None of the current reprogramming tools account for target sites’ methylation status. Overexpressed TFs, although they might be crucial for establishing target transcriptional patterns, may be unable to bind their target genes if key regulatory regions are methylated. Conversely, introduced TFs may inappropriately bind to methylated sites not bound in the native target cell, leading to aberrant gene expression. Current reprogramming cocktails also struggle to silence active genes from the starting population that are natively inactive in the target cell, which leads to incomplete reprogramming and the emergence of hybrid cell types^9^. Integrating knowledge of DNA methylation patterns will be essential for future approaches to tackle these obstacles. The tools must infer if DNA methylation-modulating factors should be part of TF cocktails and factors that can alter DNA methylation at certain sites. This could be the addition of lncRNAs known to target and silence specific regions^35^ or epigenetic editing, which employs CRISPR-based tools, that can precisely modulate methylation at specific genomic loci^36^. Additionally, it would be beneficial to validate whether broad-spectrum DNMT inhibitors, such as 5-azacytidine (5-aza) and RG108^37^, both of which have been shown to enhance certain reprogramming protocols, could tangible benefits in this context.

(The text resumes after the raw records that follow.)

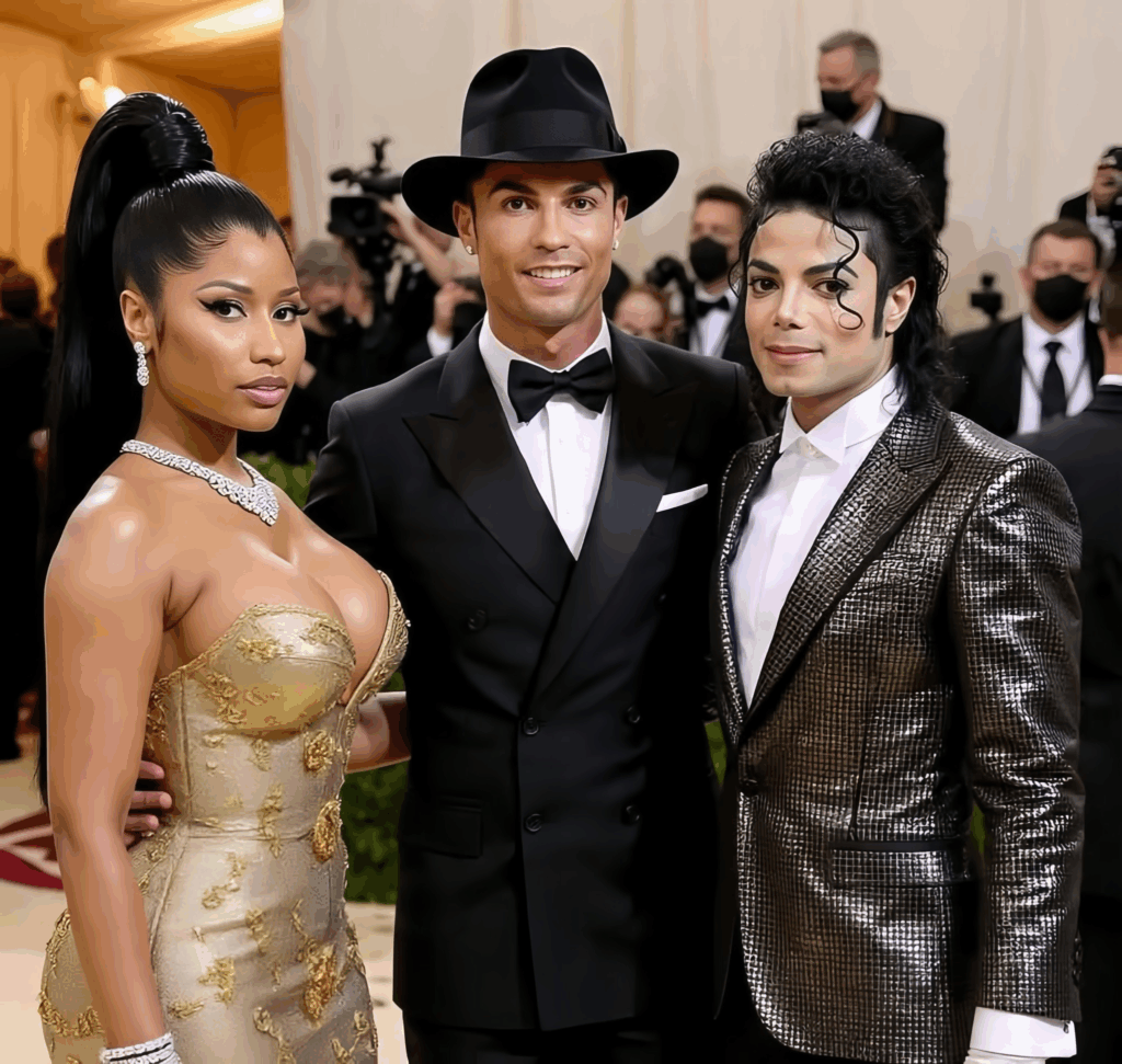On one side stood Nicki Minaj, the Queen of Rap — fierce, fearless, and full of fire. Her powerful verses lit up the stage, commanding every heartbeat in the arena. On the other, Cristiano Ronaldo, football’s living legend, known not just for his strength and precision on the field, but for his unshakable charisma and global influence. And then… the screen behind them came alive — Michael Jackson, the eternal King of Pop, appeared in a breathtaking digital tribute, his voice and moves perfectly synced to the beat. The crowd gasped — some screamed, others simply stood in tears, realizing they were witnessing a bridge between past and present, humanity and immortality.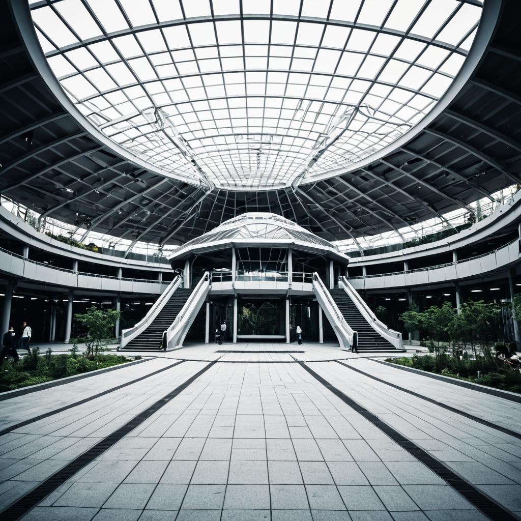 Spacious, high-tech ground floor pavilion at an urban zoo featuring a complex and aesthetic design. The pavilion has a large circular glass dome roof with a modern steel framework, measuring approximately 1000 square meters in area and 12 meters in height. The structure includes a central cylindrical glass enclosure surrounded by wide tiled flooring and greenery, with visitors walking around inside, highlighting its futuristic architecture.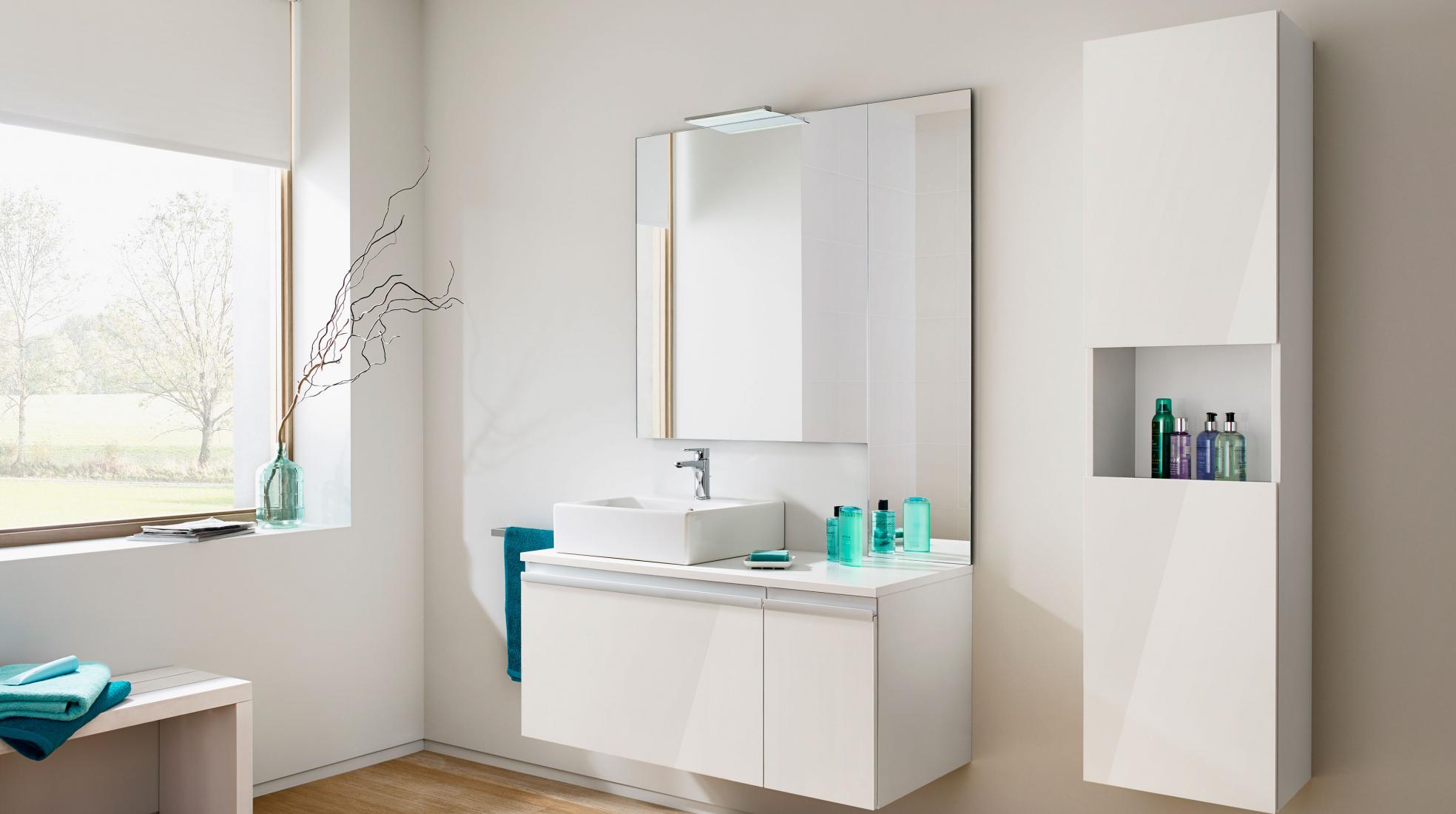 Columnas, armarios, módulos y estanterías de baño para organizar todos tus productos de aseo.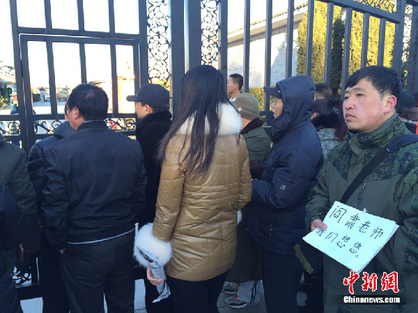 2月18日上午9點(diǎn),閻肅追悼會(huì)在北京八寶山舉行,社會(huì)各界人士前來送別。2016年2月12日3時(shí)07分,著名藝術(shù)家、空政文工團(tuán)創(chuàng)作員閻肅同志因病在北京逝世。隨后閻肅的兒子發(fā)布微博稱,“我父親閻肅平靜地離開了塵世,沒有任何痛苦,就像睡著了一樣。老爸可能覺得已經(jīng)完成了自己的使命,所以就這么離開了。” (記者 金碩攝 來源:中新網(wǎng))

Transcription co-factors (TcoFs) interact with TFs and perform diverse functions, including modulating TF–DNA binding, chromatin modification, bridging regulatory complexes, and signal transduction^38^. Based on our current knowledge, there are around 1000 putative human TcoFs that are expressed in a cell-type-specific manner and play a crucial role in fine-tuning transcriptional activity by integrating multiple signaling pathways. It was suggested that, on average, a human TF interacts with around 6 TcoFs, although this number may vary by cell type or TF family^39^.
Despite their importance, current approaches neglect TcoFs and their role in guided differentiation. It will be essential that future tools go beyond TFs alone and also suggest TcoFs that are necessary for the TFs to fully exert their regulatory potential.
TFs can engage in either direct or indirect competitive binding at their DNA binding sites. Direct competition occurs when TFs compete for the same binding site, while indirect competition is mediated by TFs recruiting cofactors that either enhance or inhibit the binding of other TFs. This competition can result in differential regulation of the gene controlled by the binding site.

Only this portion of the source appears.